NULL is ignored in a vector.

my_vector <- c(25, NA, 10, NULL)  # define
my_vector                         # print
[1] 25 NA 10

Variance of one number results in NA.

var(22)
[1] NA

Useful functions

The following are useful base R functions when assessing or handling missing values:

is.na() and !is.na()

Use is.na()to identify missing values, or use its opposite (with ! in front) to identify non-missing values. These both return a logical value (TRUE or FALSE). Remember that you can sum() the resulting vector to count the number TRUE, e.g. sum(is.na(linelist$date_outcome)).

my_vector <- c(1, 4, 56, NA, 5, NA, 22)
is.na(my_vector)
[1] FALSE FALSE FALSE  TRUE FALSE  TRUE FALSE
!is.na(my_vector)
[1]  TRUE  TRUE  TRUE FALSE  TRUE FALSE  TRUE
sum(is.na(my_vector))
[1] 2

na.omit()

This function, if applied to a data frame, will remove rows with any missing values. It is also from base R.
If applied to a vector, it will remove NA values from the vector it is applied to. For example:

na.omit(my_vector)
[1]  1  4 56  5 22
attr(,"na.action")
[1] 4 6
attr(,"class")
[1] "omit"

drop_na()

This is a tidyr function that is useful in a [data cleaning pipeline][Cleaning data and core functions]. If run with the parentheses empty, it removes rows with any missing values. If column names are specified in the parentheses, rows with missing values in those columns will be dropped. You can also use “tidyselect” syntax to specify the columns.

linelist %>% 
  drop_na(case_id, date_onset, age) # drops rows missing values for any of these columns

na.rm = TRUE

When you run a mathematical function such as max(), min(), sum() or mean(), if there are any NA values present the returned value will be NA. This default behavior is intentional, so that you are alerted if any of your data are missing.

You can avoid this by removing missing values from the calculation. To do this, include the argument na.rm = TRUE (“na.rm” stands for “remove NA”).

my_vector <- c(1, 4, 56, NA, 5, NA, 22)

mean(my_vector)     
[1] NA
mean(my_vector, na.rm = TRUE)
[1] 17.6

Using data with missing values

Filter out rows with missing values

To quickly remove rows with missing values, use the dplyr function drop_na().

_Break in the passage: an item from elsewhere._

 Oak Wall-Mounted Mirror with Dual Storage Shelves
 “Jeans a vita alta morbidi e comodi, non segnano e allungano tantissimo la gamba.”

The original linelist has nrow(linelist) rows. The adjusted number of rows is shown below:

linelist %>% 
  drop_na() %>%     # remove rows with ANY missing values
  nrow()
[1] 1818

You can specify to drop rows with missingness in certain columns:

linelist %>% 
  drop_na(date_onset) %>% # remove rows missing date_onset 
  nrow()
[1] 5632

You can list columns one after the other, or use “tidyselect” helper functions:

linelist %>% 
  drop_na(contains("date")) %>% # remove rows missing values in any "date" column 
  nrow()
[1] 3029

Handling NA in ggplot()

It is often wise to report the number of values excluded from a plot in a caption. Below is an example:

In ggplot(), you can add labs() and within it a caption =. In the caption, you can use str_glue() from stringr package to paste values together into a sentence dynamically so they will adjust to the data. An example is below:

  • Note the use of \n for a new line.
  • Note that if multiple column would contribute to values not being plotted (e.g. age or sex if those are reflected in the plot), then you must filter on those columns as well to correctly calculate the number not shown.
labs(
  title = "",
  y = "",
  x = "",
  caption  = stringr::str_glue(
  "n = {nrow(central_data)} from Central Hospital;
  {nrow(central_data %>% filter(is.na(date_onset)))} cases missing date of onset and not shown."))  

Sometimes, it can be easier to save the string as an object in commands prior to the ggplot() command, and simply reference the named string object within the str_glue().